В тот день, в ИСМ, они толком не поговорили. Трудно выражать сочувствие, когда покойница — серийная убийца, осиротившая с полдюжины семей. В таких случаях даже не знаешь, что сказать; но, к счастью, от полицейских этого и не требуется.
Идя по коридору к выходу, Камиль молчал. Луи заметил только:
— В прошлый раз у него было более игривое настроение…
Да, правда, вспомнил Камиль, именно Луи встречался с этим человеком в первый раз, когда речь шла о расследовании смерти Паскаля Трарье.
Понедельник, семь вечера. Уголовный отдел.
Луи (костюм от Бриони, рубашка от Ральфа Лорана, ботинки «Форциери») в своем кабинете, Арман рядом с ним, старые носки сползают на старые ботинки.

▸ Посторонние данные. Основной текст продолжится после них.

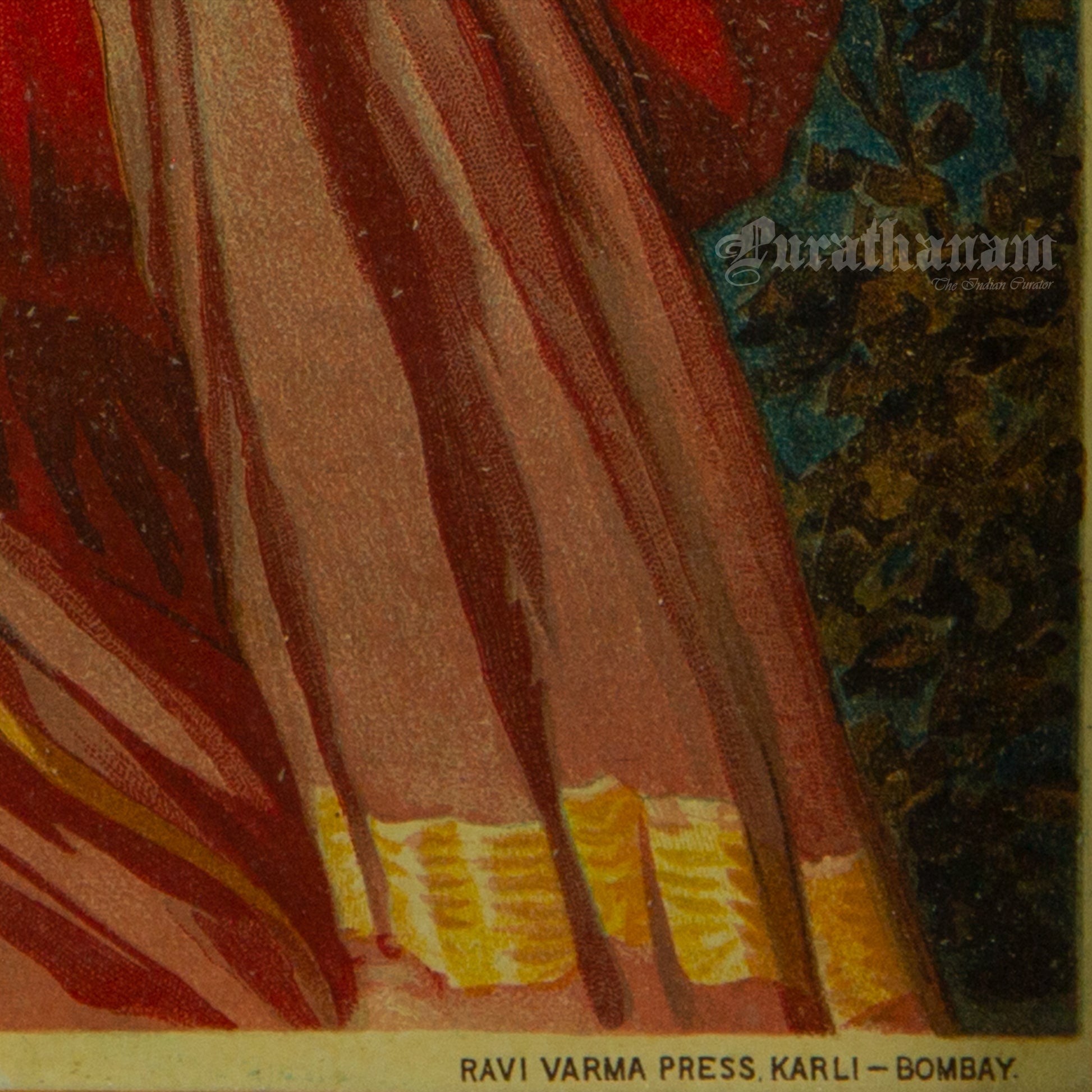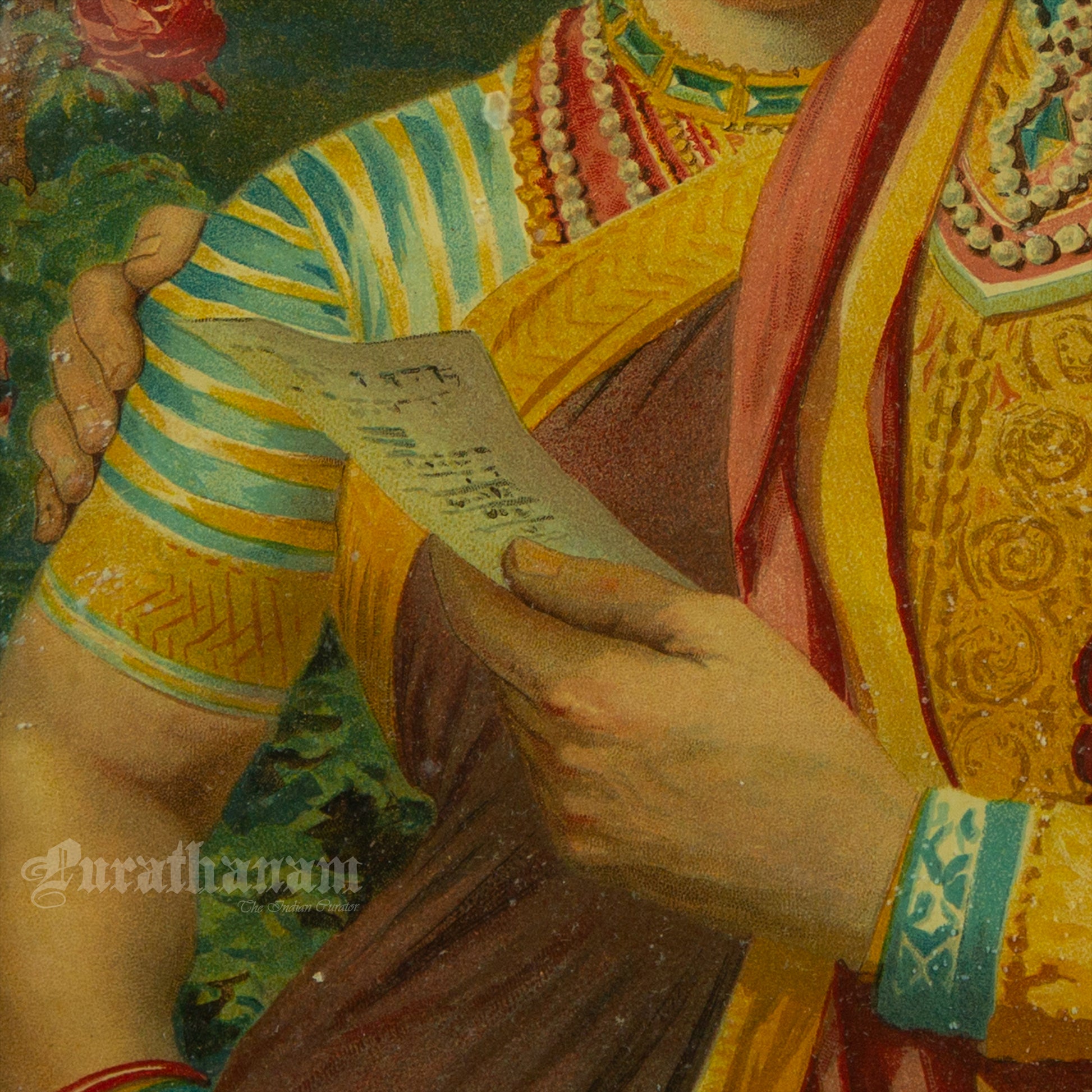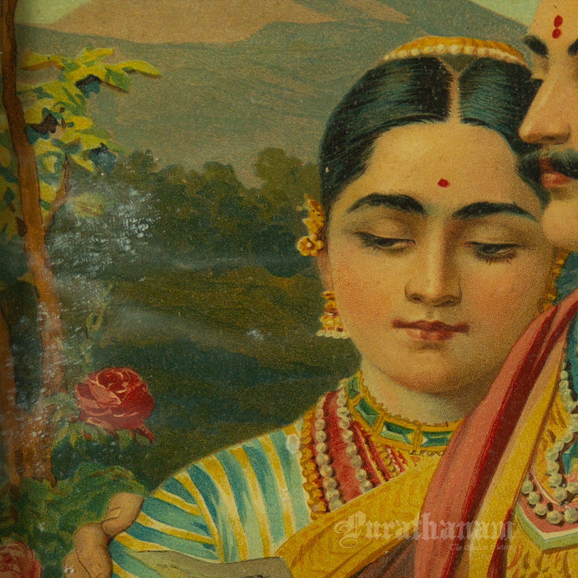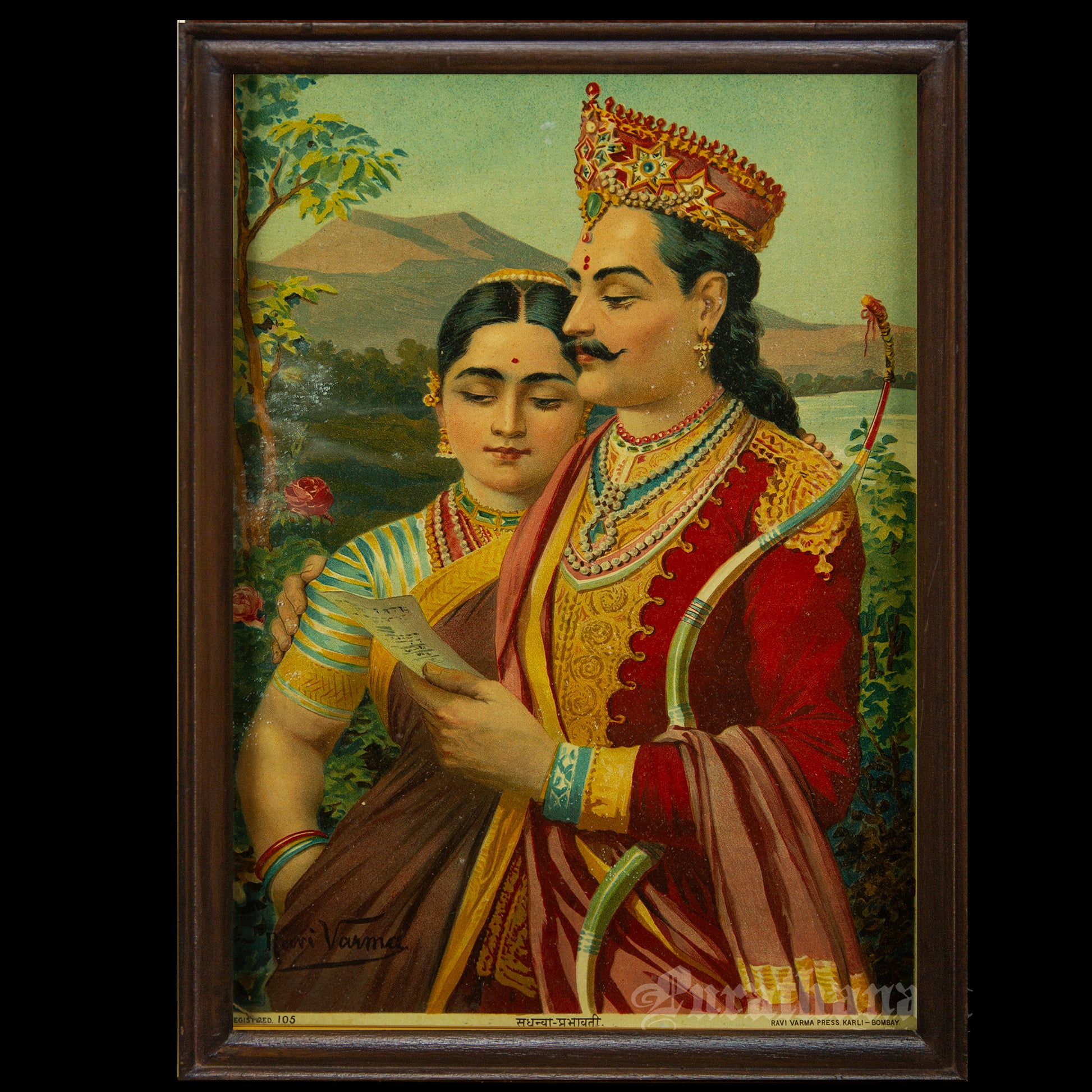 This is an oleograph print from 1920s of Sudhanwa Prabhawati by Ravi Varma an Indian who achieved recognition for his depiction of scenes from the epics of the Mahabharata and Ramayana.

Камиль сидел на некотором расстоянии от них, в углу кабинета, болтая ногами и чиркая что-то в блокноте с таким видом, словно происходящее его не касается. В данный момент он пытался воспроизвести по памяти портрет Гуадалупе Виктории работы мексиканского художника, который недавно видел.
— Когда нам выдадут тело?
— Скоро, — ответил Луи. — Очень скоро.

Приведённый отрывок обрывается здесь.